Always use FFdecoder API's terminate() method at the end to avoid undesired behavior.

Never name your python script deffcode.py

When trying out these recipes, never name your python script deffcode.py otherwise it will result in ModuleNotFound error.

Accessing RGB frames from a video file

The default function of FFdecoder API is to decode 24-bit RGB video frames from the given source.

FFdecoder API's generateFrame() function can be used in multiple methods to access RGB frames from a given source, such as as a Generator (Recommended Approach), calling with Statement, and as a Iterator.

In this example we will decode the default RGB24 video frames from a given Video file (say foo.mp4) using above mentioned accessing methods:

This is a recommended approach for faster and error-proof access of decoded frames. We'll use it throughout the recipes.

# import the necessary packages
from deffcode import FFdecoder

# initialize and formulate the decoder
decoder = FFdecoder("foo.mp4").formulate()

# grab RGB24(default) frame from decoder
for frame in decoder.generateFrame():

    # check if frame is None
    if frame is None:
        break

    # {do something with the frame here}

    # lets print its shape
    print(frame.shape) # for e.g. (1080, 1920, 3)

# terminate the decoder
decoder.terminate()

Calling with Statement approach can be used to make the code easier, cleaner, and much more readable. This approach also automatically handles management of formulate() and terminate() methods in FFdecoder API, so don't need to explicitly call them. See PEP343 -- The 'with' statement' for more information on this approach.

# import the necessary packages
from deffcode import FFdecoder
import cv2

# initialize and formulate the decoder
with FFdecoder("foo.mp4") as decoder:

    # grab the BGR24 frames from decoder
    for frame in decoder.generateFrame():

        # check if frame is None
        if frame is None:
            break

        # {do something with the frame here}

        # lets print its shape
        print(frame.shape)  # for e.g. (1080, 1920, 3)

This Iterator Approach bears a close resemblance to OpenCV-Python (Python API for OpenCV) coding syntax, thereby easier to learn and remember.

# import the necessary packages
from deffcode import FFdecoder

# initialize and formulate the decoder
decoder = FFdecoder("foo.mp4").formulate()

# loop over frames
while True:

    # grab RGB24(default) frames from decoder
    frame = next(decoder.generateFrame(), None)

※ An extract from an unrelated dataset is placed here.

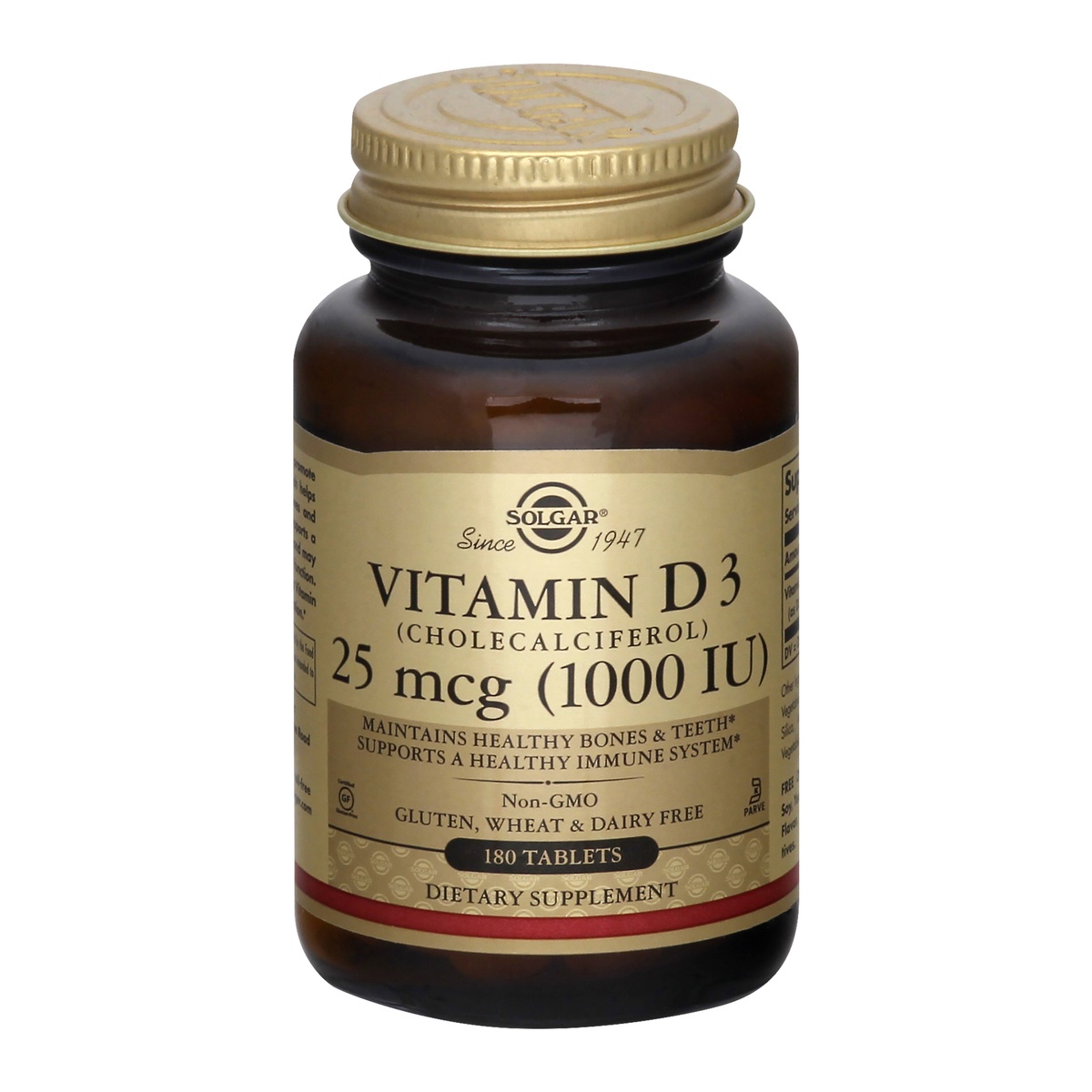 Dietary Supplement. Cholecalciferol. Maintains healthy bones & teeth. Supports a healthy immune system. Since 1947. Solgar's KOF-K certification No. K-1250. Vitamin D is required to promote calcium ab…

    # check if frame is None
    if frame is None:
        break

    # {do something with the frame here}

    # lets print its shape
    print(frame.shape) # for e.g. (1080, 1920, 3)

# terminate the decoder
decoder.terminate()

 

Capturing and Previewing BGR frames from a video file

In this example we will decode OpenCV supported live BGR24 video frames from a given Video file (say foo.mp4) in FFdecoder API, and preview them using OpenCV Library's cv2.imshow() method.

By default, OpenCV expects BGR format frames in its cv2.imshow() method by using two accessing methods.

# import the necessary packages
from deffcode import FFdecoder
import cv2

# initialize and formulate the decoder for BGR24 pixel format output
decoder = FFdecoder("foo.mp4", frame_format="bgr24").formulate()

# grab the BGR24 frames from decoder
for frame in decoder.generateFrame():

    # check if frame is None
    if frame is None:
        break

    # {do something with the frame here}

    # Show output window
    cv2.imshow("Output", frame)

    # check for 'q' key if pressed
    key = cv2.waitKey(1) & 0xFF
    if key == ord("q"):
        break

# close output window
cv2.destroyAllWindows()

# terminate the decoder
decoder.terminate()

Calling with Statement approach can be used to make the code easier, cleaner, and much more readable. This approach also automatically handles management of formulate() and terminate() methods in FFdecoder API, so don't need to explicitly call them. See PEP343 -- The 'with' statement' for more information on this approach.

# import the necessary packages
from deffcode import FFdecoder
import cv2

# initialize and formulate the decoder for BGR24 pixel format output
with FFdecoder("foo.mp4", frame_format="bgr24") as decoder:

    # grab the BGR24 frames from decoder
    for frame in decoder.generateFrame():

        # check if frame is None
        if frame is None:
            break

        # {do something with the frame here}

        # Show output window
        cv2.imshow("Output", frame)

        # check for 'q' key if pressed
        key = cv2.waitKey(1) & 0xFF
        if key == ord("q"):
            break

# close output window
cv2.destroyAllWindows()

 

Playing with any other FFmpeg pixel formats

Similar to BGR, you can input any pixel format (supported by installed FFmpeg) by way of frame_format parameter of FFdecoder API for the desired video frame format.

In this example we will decode live Grayscale and YUV video frames from a given Video file (say foo.mp4) in FFdecoder API, and preview them using OpenCV Library's cv2.imshow() method.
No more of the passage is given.